Valérie Abécassis

Exploration of Natural and Artificial Sequence Spaces: Towards a Functional Remodeling of Membrane-bound Cytochrome P450

Abstract Two complementary methods are described that associate in vitro and in vivo steps to generate sequence diversity by segment directed saturated mutagenesis and family shuffling. A high-throughput DNA chip-based procedure for the characterization and potentially the equalization of combinatorial libraries is also presented. Using these approaches, two combinatorial libraries of cytochrome P450 variants derived from the CYP1A subfamily were constructed and their sequence diversity characterized. The results of functional screening using high-throughput tools for the characterization of membrane P450-catalyzed activities, suggest that the 204–214 sequence segment of human CYP1A1 is not critical for polycyclic aromatic hydrocarbon recognition, as was hypothesized from previous data. Moreover, mutations in this segment do not alter the discrimination between alkoxyresorufins, which, for all tested mutants, remained similar to that of wild-type CYP1A1. In contrast, the constructed CYP1A1–CYP1A2 mosaic structures, containing multiple crossovers, exhibit a wide range of substrate preference and regioselectivity. These mosaic structures also discriminate between closely related alkoxyresorufin substrates. These results open the way to global high-throughput analysis of structure–function relationships using combinatorial libraries of enzymes together with libraries of structurally related substrates.
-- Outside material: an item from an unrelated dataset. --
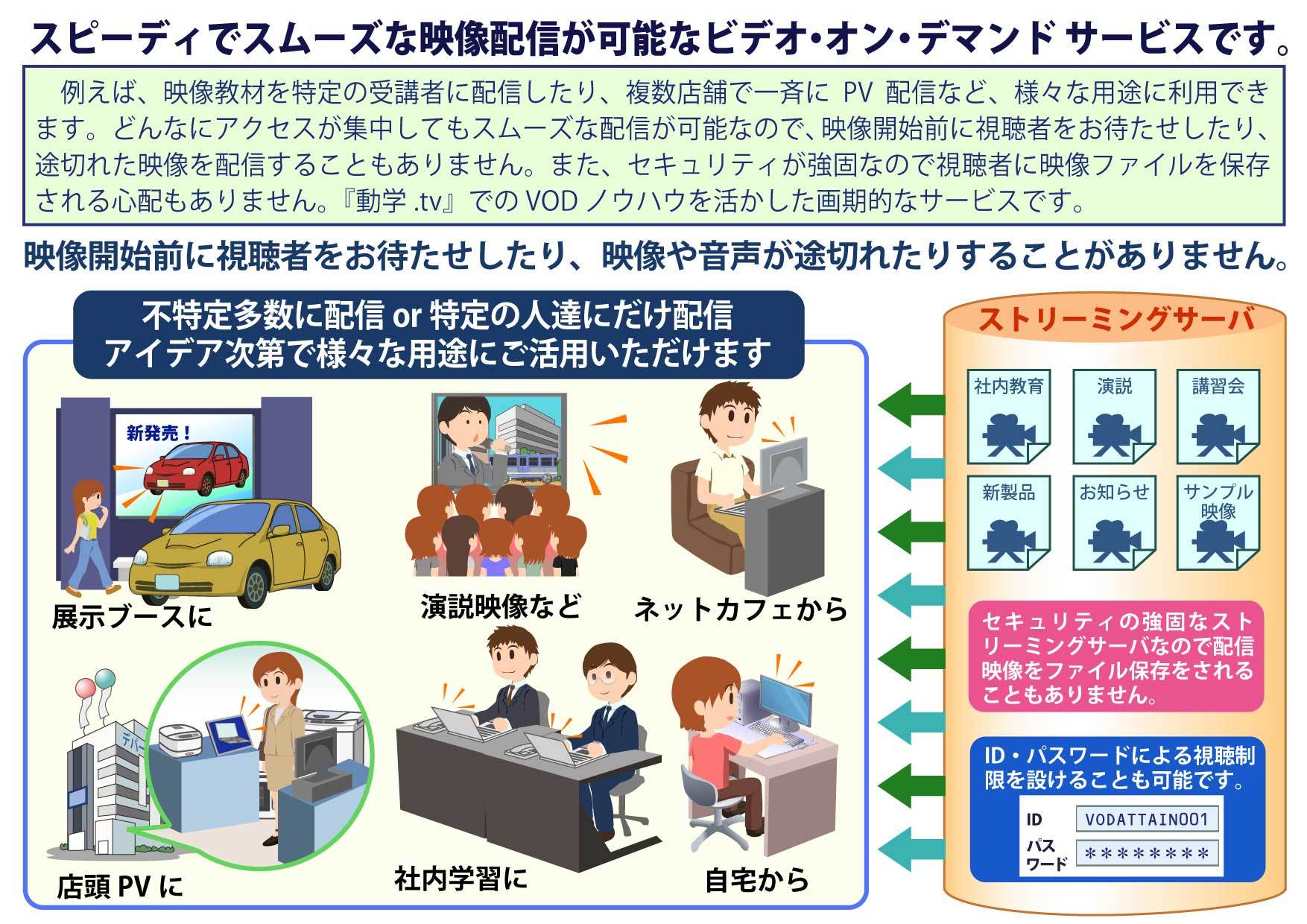 近年の世界的なトレンドからみるに、DVDやCDなどのパッケージソフトは低調な一方で、PCや携帯電話向けのコンテンツ配信は好調に伸びている。このような状況から、最近では自社のコンテンツをネット上で配信したいとの要望が寄せられることもあり、同社では長年のメディアエンコードのノウハウと『動学.tv』の技術を生かしたオンデマンド配信サービスを提供する。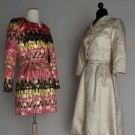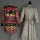 Both labeled gold lame brocade dress & jacket sets: 1 1964 white silk w/ small gold rings in paisley pattern, sleeveless dress & fitted cropped jacket, bone china silk linings, B 34", W 26", L 41", Jacket L 16"; 1 1968 set, painted, colorful zig-zag print over-laid w/ pink & gold lame, belted mini-dress w/ high cut side slits & cropped collarless matching jacket, black silk satin linings, B 34", W 27", L 32", Jacket L 16", excellent. Brooklyn Museum

Design and Characterization of a Novel « Family-Shuffling » Technology Adapted to Membrane Enzyme: Application to P450s Involved in Xenobiotic Metabolism

Cytochrome P450 functional diversity and their predominant role in drug and pollutant metabolism and toxicity1 makes these enzymes particularly suitable for the design of new catalysts as well as for structure-function analysis2. Combinatorial molecular evolution (CME) is a powerful approach used for tuning protein functions3;4and for investigation of biochemical mechanisms driving substrate recognition5 or catalysis6. Family-shuffling has proved to accelerate the evolution process7. A low content of mosaic structures was frequently reported in libraries constructed using DNase I fragmentation8. We designed a new strategy for family shuffling in yeast expression vectors. This procedure takes advantage of the association between in vitro 9 and in vivo 10. recombination mechanisms to build a high complexity library containing low levels of parental structures. The use of engineered yeast strains for expression of membrane proteins into an optimized redox environment 11 also allows efficient in vivo bioconversion. The model used is human CYPIAI and CYPIA2 which share 71% identity and have distinct, while overlapping, substrate specificities.